The real issue with physical products is that they're harder for the public to duplicate. If I could copy a complicated out of print board games as easily as I could an out of print album on MP3, I'd argue that we should have the right to do that too. 3D printers haven't caught on to the point where there's one in every home, or it might even be possible.
That's a distinction without a difference, imho. Either IP that the owner has decided to stop selling should be free to reproduce, or it shouldn't, regardless of their justification and the medium.
> a requirement that (a) binaries be freely redistributable, and (b) binaries must authenticate against a blockchain and not against private servers
If the software runs on general-purpose hardware, it would be trivial to modify it to bypass the blockchain authentication step. If the software is only compatible with some sort of locked-down platform that won't run modified code, then it already has an enforcement mechanism (whatever is used to prevent running modified code), and a blockchain is redundant.

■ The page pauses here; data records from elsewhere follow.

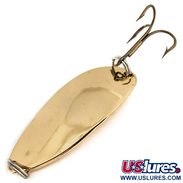 Le poids de 2/3 oz (18g) est clairement estampillé au verso, une spécification classique pour ce design emblématique de Acme. La finition dorée polie réfléchit brillamment la lumière, une caractéristique de la série Little Cleo destinée à une grande visibilité dans diverses conditions d'eau. Avec une longueur de 2 1/4" (5,5 cm), ce spécimen est lesté pour la traîne en eau profonde ou les lancers à longue distance. Des anneaux brisés robustes sont utilisés aux deux extrémités pour fixer l'attache de ligne et l'hameçon triple. Portant le code produit 11252, ce leurre authentique fabriqué aux USA présente la forme bossue distinctive qui définit le profil de la marque depuis des décennies. La surface est dans un état remarquable, obtenant une note de 5/5 pour son placage à l'or propre et réfléchissant.
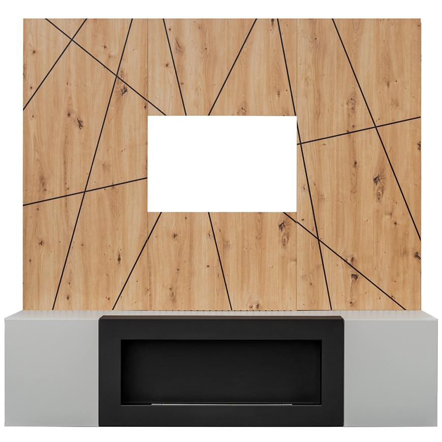 Meblościanka Xari PGAS XR G2-K Perla Gray/Artisan to stylowy i nowoczesny zestaw mebli zaprojektowany z myślą o funkcjonalności i estetyce wnętrz, szczególnie do salonu. Wykonana z wysokiej jakości płyty wiórowej laminowanej, charakteryzuje się matowym wykończeniem w modnym kolorze Perla Gray w połączeniu z Artisan i czarnymi akcentami.
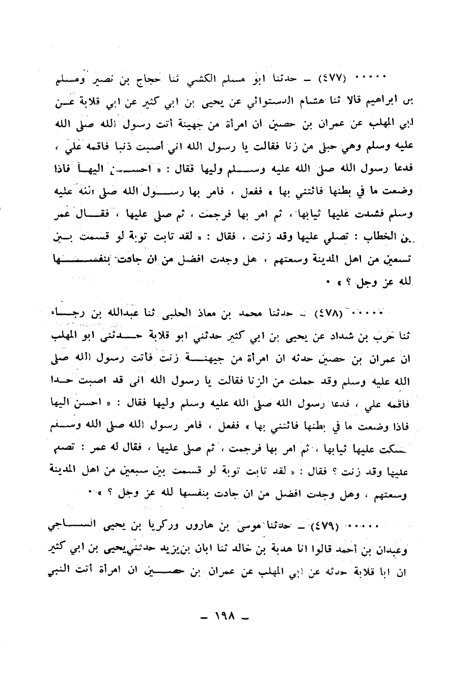 479 - حَدَّثَنَا مُوسَى بْنُ هَارُونَ، وَزَكَرِيَّا بْنُ يَحْيَى السَّاجِيُّ، وَعَبْدَانُ بْنُ أَحْمَدَ قَالُوا: أنا هُدْبَةُ بْنُ خَالِدٍ، ثنا أَبَانُ بْنُ يَزِيدَ، حَدَّثَنِي يَحْيَى بْنُ أَبِي كَثِيرٍ، أَنَّ أَبَا قِلَابَةَ، حَدَّثَهُ، عَنْ أَبِي الْمُهَلَّبِ، عَنْ عِمْرَانَ بْنِ حُصَيْنٍ، أَنَّ امْرَأَةً أَتَتِ النَّبِيَّ صَلَّى اللهُ عَلَيْهِ وَسَلَّمَ فَقَالَتْ: إِنِّي أَصَبْتُ حَدًّا فَأَقِمْهُ عَلِيَّ وَهِيَ حَامِلٌ، فَأَمَرَ وَلِيَّهَا أَنْ يُحْسِنَ إِلَيْهَا حَتَّى تَضَعَ، فَلَمَّا وَضَعَتْ، أَمَرَ بِثِيَابِهَا، فَشُكَّتَ عَلَيْهَا، ثُمَّ رَجَمَهَا، وَصَلَّى عَلَيْهَا، فَقَالَ عُمَرُ: يَا نَبِيَّ اللهِ، أَتُصَلِّي عَلَيْهَا وَقَدْ زَنَتْ؟ فَقَالَ: «وَالَّذِي نَفْسُ مُحَمَّدٍ بِيَدِهِ لَقَدْ §تَابَتْ تَوْبَةً لَوْ قُسِمَتْ عَلَى سَبْعِينَ مِنْ أَهْلِ الْمَدِينَةِ لَوَسِعَتْهُمْ، وَهَلْ وَجَدْتَ أَفْضَلَ مِنْ أَنْ جَادَتْ بِنَفْسِهَا لِلَّهِ عَزَّ وَجَلَّ»
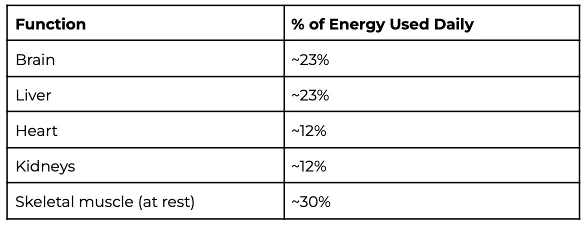 Resting Metabolic Rate (RMR): ~70% of daily energy needs. Includes: organ function, temperature

Blockchain is not redundant because blockchain provides non-first-party ownership authorization and would enforce the transferability of the product.
Like, right now, if I buy a digital good on a game console, my "ownership" of that good is controlled by the vendor. They can take it away on a whim, or simply because they no longer want to maintain the server that says "yes, Pxtl owns this".
If that ownership is stored on a record outside of the first-party infrastructure and the software must authenticate my ownership against that 3rd-party, then that 3rd party is the one that controls whether or not I own the software, and is responsible for keeping that service live.
And a blockchain, flawed as it is, is a decent solution for managing ownership of goods without having the infrastructure owned by a single entity who has to maintain it and can take it down on a whim.
I mean, an ICANN-style neutral 3rd party with specific policies about lifetime and transferability of ownership that just runs this on a regular-ass SQL server would be fine too.
Other way around. The idea is that anybody can right-click-save whatever game they like. But when you run the game, the first thing it would do is check your blockchain wallets for authorization to execute this game.
Basically, accept that your game media will be copied willy-nilly and do a "does the user actually have ownership rights to this" check that is already common today, except that do this check against the blockchain so that there isn't a single-point-of-failure by putting all reliance on the vendor's auth servers.
I mean that still doesn't solve the problem of games that require servers to operate for online play, but at lest that would return digital goods to near-parity with physical media in terms of copy-protection and transferability and ownership.
If you go the extra mile and require that companies publish free dedicated-server-binaries for end-of-life products and allow clients to point to custom servers, you could still run the game while still protecting the seller from piracy. I mean, you'd have no security patches so if you're running eg your own Star Wars Galaxies server you'd want it to be invitational-only and secured with a VPN, since playing with strangers would get the server and clients hacked.
That seems like it would be a reasonable compromise for video-game preservation - old games are therefore available indefinitely to anyone who purchased access to them (and this is transferable), but without companies having to abandon their copyright protections.
I mean this approach would probably have to be mandated by a government or a near-monopoly e-store like Valve, so I'm sure it would get screwed up and fail, but a boy can dream.